Foci of ToM activation in the TPs/aTLs reported in neuroimaging studies listed in Table 5, projected onto C.M.'s and one healthy participant's anatomical data transformed into Talairach space, as spherical volumes of 515 mm3 around the Talairach coordinates reported in the studies. The color dots correspond to peaks of activation reported in studies involving belief attribution (yellow), emotion attribution (red), knowledge (green), intention (blue), or other types of mental states (gray; see Table 5 for details about this category). Note: for purposes of illustration, we projected the foci onto only one healthy participant's anatomical data rather than onto the average and represented only brain sections corresponding to one of three z values between −8 and −29.

Figure 2. 

Foci of ToM activation in the TPs/aTLs reported in neuroimaging studies listed in Table 5, projected onto C.M.'s and one healthy participant's anatomical data transformed into Talairach space, as spherical volumes of 515 mm3 around the Talairach coordinates reported in the studies. The color dots correspond to peaks of activation reported in studies involving belief attribution (yellow), emotion attribution (red), knowledge (green), intention (blue), or other types of mental states (gray; see Table 5 for details about this category). Note: for purposes of illustration, we projected the foci onto only one healthy participant's anatomical data rather than onto the average and represented only brain sections corresponding to one of three z values between −8 and −29.

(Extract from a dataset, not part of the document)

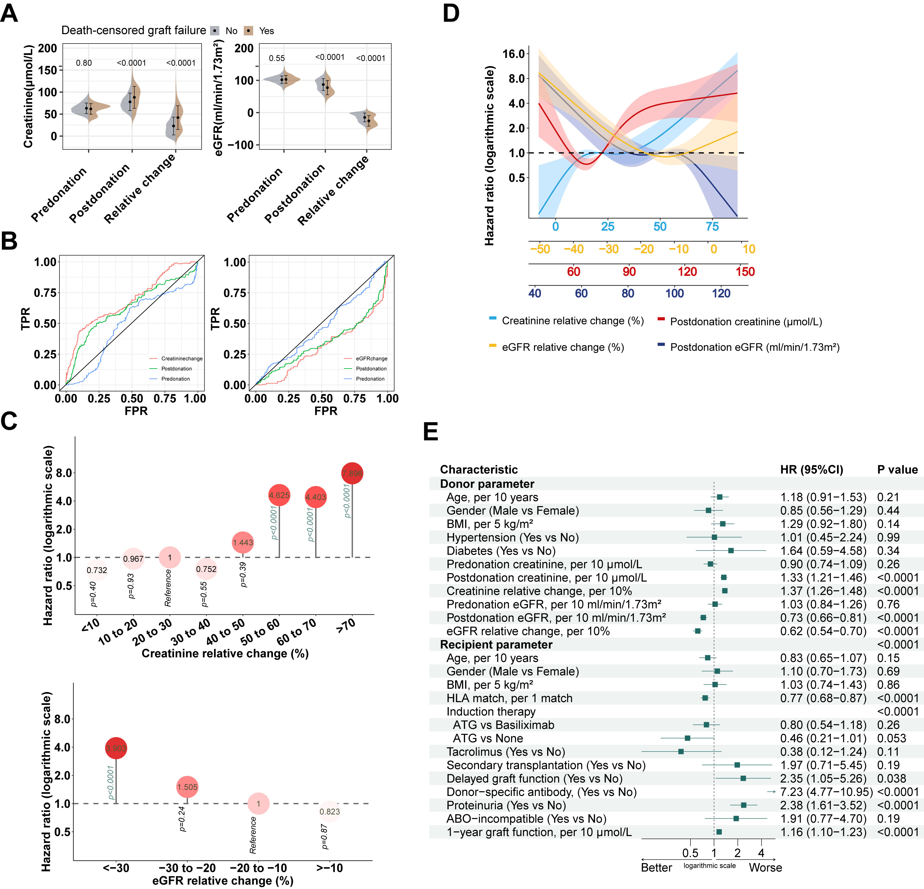 移植后平均隨訪85.5個(gè)月,其中113名(4.4%)接受者出現(xiàn)DCGF。對于經(jīng)歷過DCGF的接受者,其捐贈(zèng)者的捐獻(xiàn)前腎功能與未經(jīng)歷過DCGF的捐贈(zèng)者相似(血清肌酐62.0[54.0–71.0] vs. 65.5[52.0–70.0]μmol/L,P = 0.80;eGFR 102.7[95.1–109.2] vs. 103.3[94.4–110.4] ml/min/1.73 m2,P = 0.55),但捐獻(xiàn)后腎功能明顯較差(肌酐 75.2[63.2–88.8] vs. 91.2[70.2–106.3] μmol/L,P < 0.0001;88.1[73.0–101.0] vs. 72.8[60.1–97.0] ml/min/1.73 m2,eGFR P < 0.0001) 和更高的相對變化 (兩者 P < 0.0001) (圖 2A )。時(shí)間依賴性ROC分析顯示,與捐獻(xiàn)前肌酐相比,dCRC在預(yù)測受體移植失敗方面具有更高的AUC值 (AUC:0.689 vs. 0.504,P = 0.0082,圖 2B )。為了探索劑量反應(yīng)關(guān)系,我們以 20%–30% 為參考將dCRC分為7組,發(fā)現(xiàn)較高的dCRC與DCGF風(fēng)險(xiǎn)增加相關(guān) (圖 2C )。限制性三次樣條分析顯示DCGF與捐獻(xiàn)后腎功能和dCRC之間呈J形關(guān)聯(lián) (圖 2D)。調(diào)整混雜因素后(補(bǔ)充圖 S2),dCRC每增加 10%,DCGF風(fēng)險(xiǎn)就會增加36.7%(HR:1.367,95% CI:1.262-1.479,P < 0.0001)(圖 2E)。

SOCIOEMOTIONAL BEHAVIOR ASSESSMENT

Given that the interpersonal behavioral changes observed in semantic dementia could be attributed to a ToM impairment (see, e.g., Duval et al., 2012), we assessed whether C.M.'s brain atrophies impacted on his socioemotional behavior.

Method

We used the Iowa Rating Scales of Personality Change (IRSPC; Barrash, Anderson, Jones, & Tranel, 1997; adapted in French by Juillerat & Peter-Favre, 1999, cited in Meulemans, Van Der Linden, Seron, & Juillerat, 2000) and the Interpersonal Reactivity Index (IRI; Davis, 1983; adapted in French by Guttman & Laporte, 2000). On the IRSPC, the patient's spouse was asked to rate 29 characteristics belonging to social and/or emotional or cognitive domains by choosing on a 7-point scale the level of dysfunction corresponding to the patient's behavior, both currently and before the onset of the brain injury. A difference of 3 points or more when comparing ratings pre- vs. post-onset of brain injury is considered as significant. The IRI includes 28 items, with half of the items assessing “affective aspects of empathy” (“personal distress” subscale, 7 items; “empathic concern” subscale, 7 items) and the other half of the items assessing “cognitive aspects of empathy” (“perspective taking” subscale, 7 items; “fantasy” subscale or the ability to imaginatively transpose oneself into fictional situations, 7 items). The IRI has been adapted so that the patient's spouse was asked to indicate on a 5-point scale how well each of the statements described her husband's behavior both currently and before the onset of the brain injury. Like other authors (see, e.g., Calabria, Cotelli, Adenzato, Zanetti, & Miniussi, 2009; Lough et al., 2006), we used the Wilcoxon signed-rank test to compare pre- versus postmorbid scores.

Results

On the IRSPC, a significant (and large, 4–6 points) difference pre- versus post-brain injury was found on the “depression” dimension and on some aspects related to the patient's executive functioning, such as whether the patient shows a “poor judgment” and is “easily overwhelmed” and, most importantly in the context of this study, several dimensions belonging to the interpersonal and/or emotional spheres. C.M. was perceived as having easily fits of anger, behaving sometimes aggressively, being inflexible, and quite insensitive to other people's emotions, whereas he was particularly calm, gentle, flexible, and sensitive to other people's emotions before his neurological pathology (qualities that made a lot of people appreciate C.M. as a pastor).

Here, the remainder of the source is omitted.